The old trope that small businesses are the backbone of the United States economy is actually a complicated truth, says a new report from the U.S. Small Business Administration (USSBA).
Small businesses create over 66% of net new jobs and account for 44% of U.S. economic activity, according to the report from the USSBA. They make up a significant portion of the gross domestic product (GDP) and create the infrastructure for small local economies throughout the country. However, Economic Columnist Georgina Tzanetos argues that the USSBA's numbers should be taken in context. She tells AOL.com that studies find new businesses account for virtually all new job creation in the U.S., along with 20% of gross job creation – and by definition, new businesses are small. Additionally, the SBA found that only one-third of new businesses survive to see their tenth year. Given these data points, Tzanetos argues that as a result, small businesses end up being "job churners" and "layoff machines," contributing to the new job numbers but not the job growth numbers.

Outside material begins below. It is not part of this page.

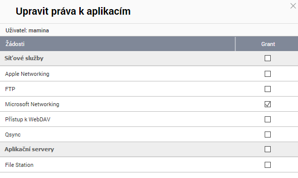 Kromě přístupu ke sdíleným složkám se nastavují i práva k aplikacím, ponechal jsem (zatím?) jen Windows sítě: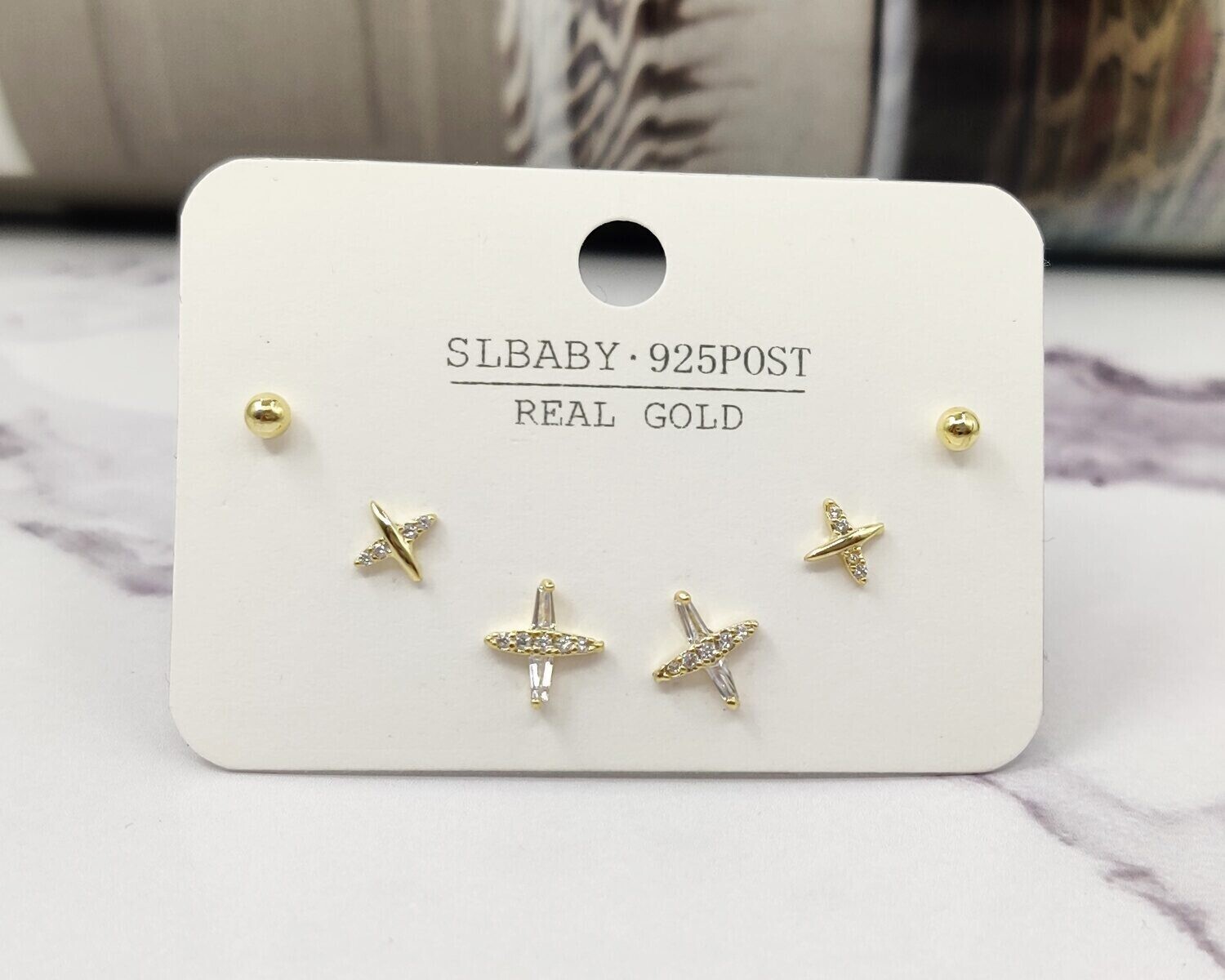 В комплект входят 6 гвоздиков которые можно одевать ассиметрично,на одно ухо, или сочетать между собой в зависимости от Вашего образа.

As for small businesses' impact on economic activity, The MIT Press found that nearly 75% of all small business owners don't want to grow their businesses and would rather keep them small. These business owners aren't looking to start multi-million dollar enterprises, Tzanetos says – they just want to be their own bosses, make their own hours, and create workplaces that cater to their lifestyles and needs. Professions like dry cleaners, accountants, dentists, gas stations, restaurants, doctors, lawyers, plumbers, electricians, and others qualify as small businesses. Tzanetos says that these professions are truly America's backbone both economically and interpersonally. These professions all play a massive part in influencing the GDP. And beyond just their economic value, they provide necessary services in their local communities, both as vendors and consumers of others' small businesses.